It was such an honour to be selected as one of the judges for the Raffles College 34th graduation ceremony this year. As a Raffles Alumni myself, I understand how stressful it may feel to be on the other side of the judging panel. However, I was extremely proud of all the students, their work and their effort. I wish them all the best in the industry.
Here are a few of my favourite collections of the night:
The SmoG by Ng Jin Ying
Inspired by the ‘Great Smog‘ of 1952 or ‘Big Smoke‘ that took place in the UK, Ng Jin Ying experimented with various fabric manipulations and detail using fabric spray paint and synthetic materials to emphasise the impact of the smog during the affected period. Just FYI, the workmanship of this collection was top notch!

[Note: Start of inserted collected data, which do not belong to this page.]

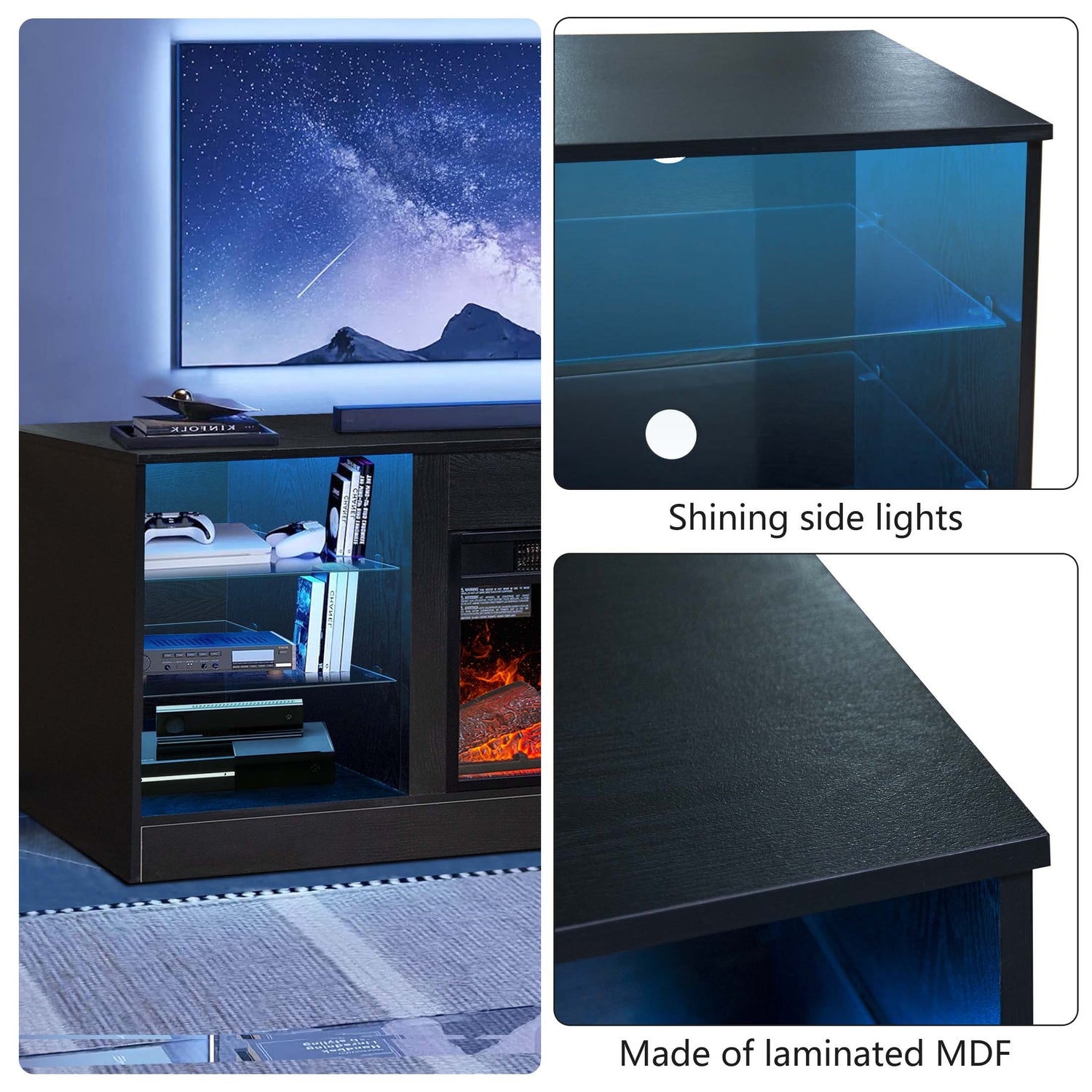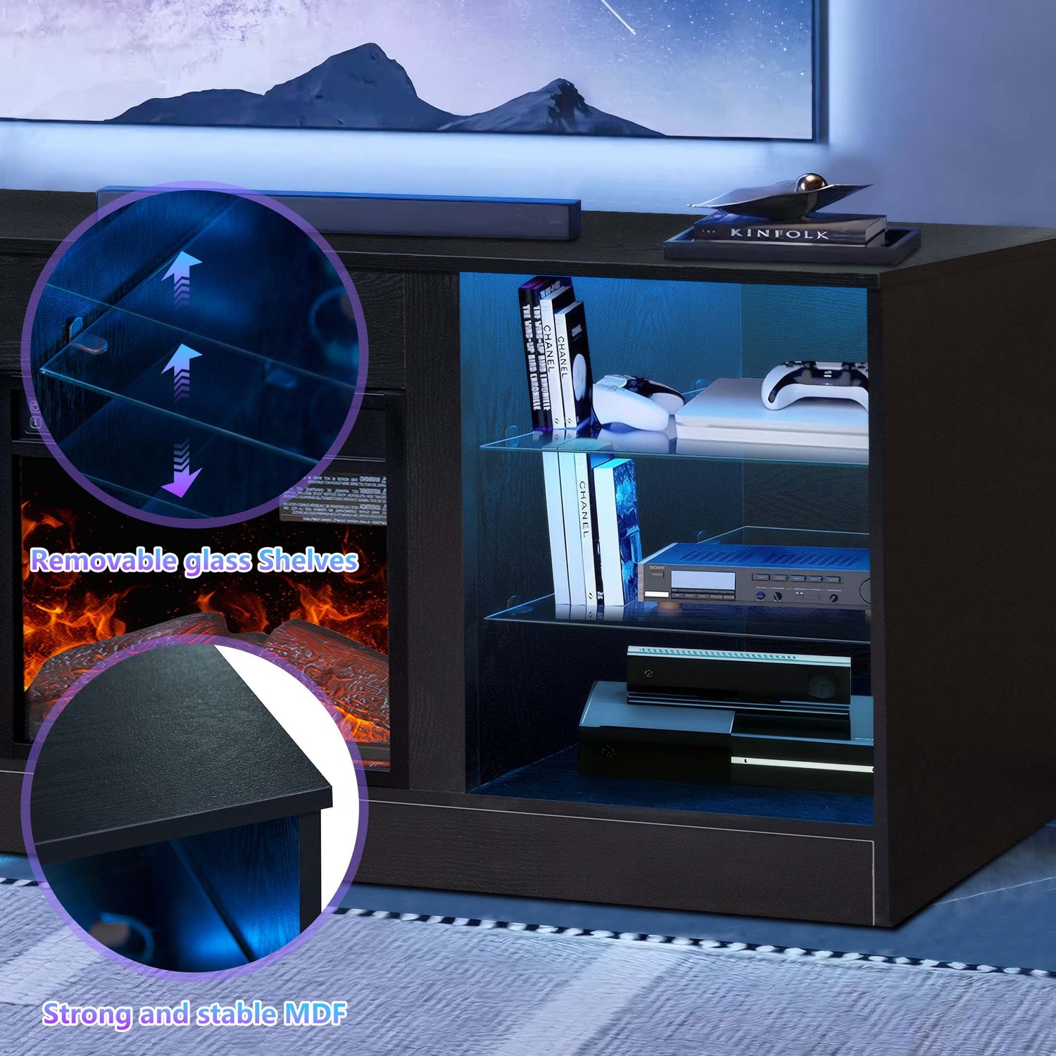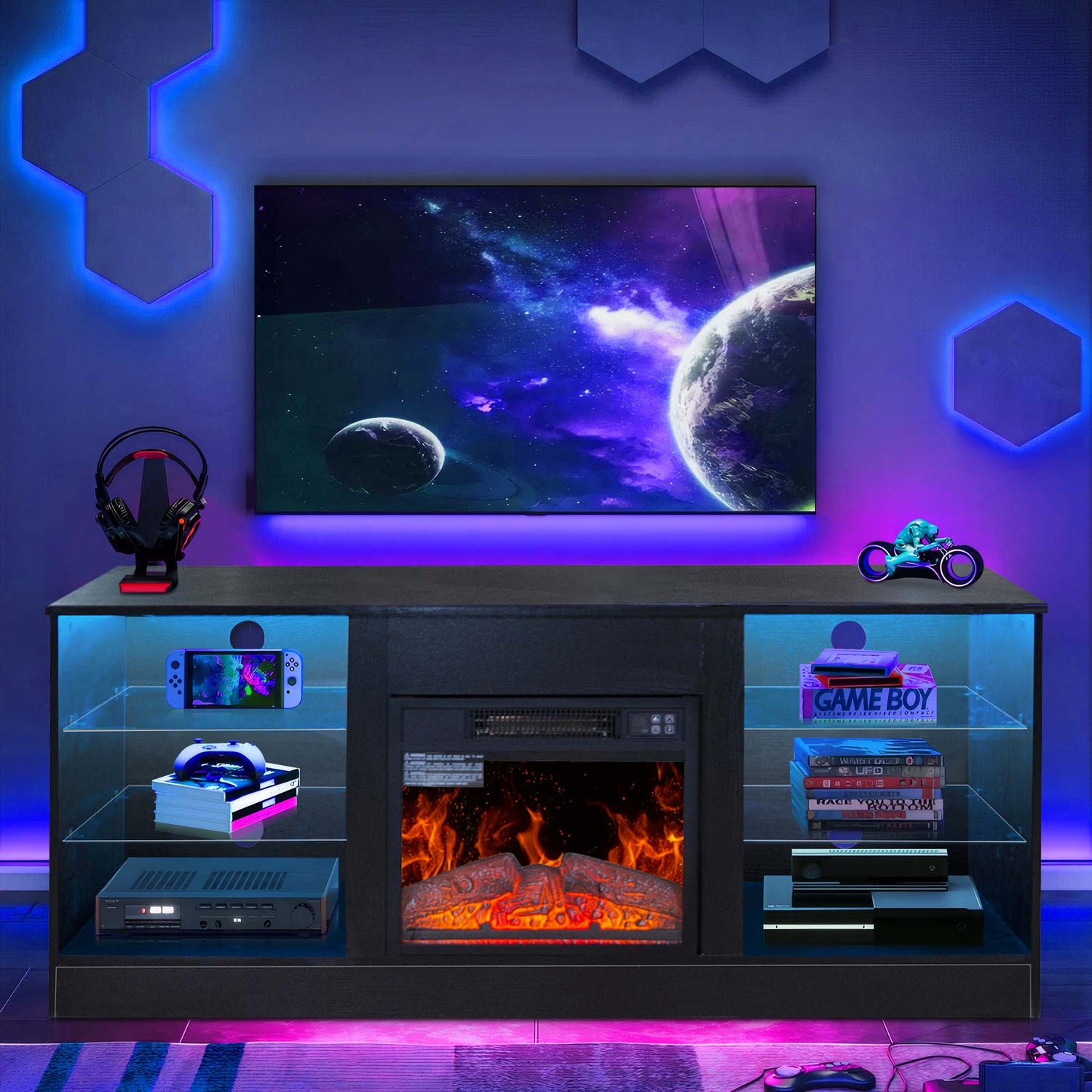 Introducing the SYNGAR Electric Fireplace TV Stand, designed to accommodate for 60" TV. This modern entertainment center seamlessly combines style and functionality, making it the perfect addition to your living room. Crafted from high-quality wood, this TV stand features an 18" electric fireplace with a remote control, providing both warmth and ambiance. The unit is equipped with adjustable shelves and comes with LED lights that offer 16 color options, allowing you to customize your space to suit any mood or occasion.
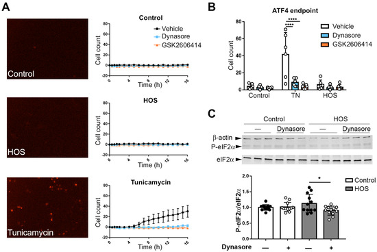 Recently it was demonstrated that the UPR is also induced by HOS [41]. We confirmed this, showing that stratified HCLE cells subjected to HOS exhibited an increase in the UPR markers sXBP1 and CHOP (Figure S1). We next examined the effects of dynasore on UPR activation in cells subjected to HOS. Representative results are shown in Figure 5. As our previous study had pointed to the PERK pathway as a specific target for dynasore activity, we first focused here. Some of the effects of PERK are mediated through activating transcription factor 4 (ATF4), which is translationally upregulated by ER stress in an eIF2α phosphorylation-dependent manner [20]. To assay ATF4 expression, we transduced HCLE monolayer cells, with an ATF4 reporter construct, which expresses a nuclear-located red fluorophore when ATF4 expression is induced by phosphorylated eIF2α. Then, HCLE cells were exposed to either HOS or tunicamycin and monitored for 16 h. The tunicamycin treatment elicited an increase in the fluorescence of the ATF4 reporter. Surprisingly, we did not find an increase in fluorescence levels in cells subjected to HOS (Figure 5A). Of note, tunicamycin’s effects were counteracted by the treatment with dynasore, as well as with the PERK inhibitor GSK2606414 (Figure 5B). In order to confirm that HOS did not induce PERK activation, we examined the phosphorylation of eIF2α. Western blot analysis showed no change in P-eIF2α when HCLE cells were exposed to HOS (Figure 5C). Despite the lack of increase in P-eIF2α, its levels were slightly reduced by dynasore.
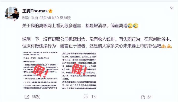 据悉,此前曝光的“小米集团职业道德委员会”邮件显示,王腾被辞退是因为泄露公司机密信息,且存在利益冲突等严重违规违纪行为。

Moving The Lifeless by En Chi Koo
My favourite collection of the night was En Chi Koo’s capsule. Inspired by Frank Gehry’s signature masterpiece, The Dancing House, En Chi Koo constructed and manipulated her very own quilting fabric and produced memorable silhouettes – A* for effort, execution and interpretation.
Mama I Can’t Sleep by Michelle Li Yuan Ting
A resourceful collection that caught my attention was ‘Mama I Can’t Sleep’ by Michelle Li Yuan Ting. Deconstructing raw fabrications such as terrycloth and knit, this was one of the most experimental collections from the lot. It’s safe to say that Michelle Li Yuan Ting is definitely on the right track.
Where Are You, Papa? by Quek Sh’un Liann
Inspired by her childhood, Quek Sh’un Liann produced a collection made to appear as paper craft in resemblance of the art work she made as a child in seek of her father’s attention. An eerie and dark concept that was presented in the most conceptual way possible, Quek Sh’un Liann’s capsule was very distinguished.
Paradoxical by Nana Ooi
An interesting choice of fabric combinations, Nana Ooi presented a very clean and innovative collection. Inspired by the ancient high ranks, power and battle, Nana Ooi successfully delivered a risky incorporation of silhouettes – from structured and stiff to soft and draped; a good approach for a new designer to explore her strengths and weaknesses. A job well done.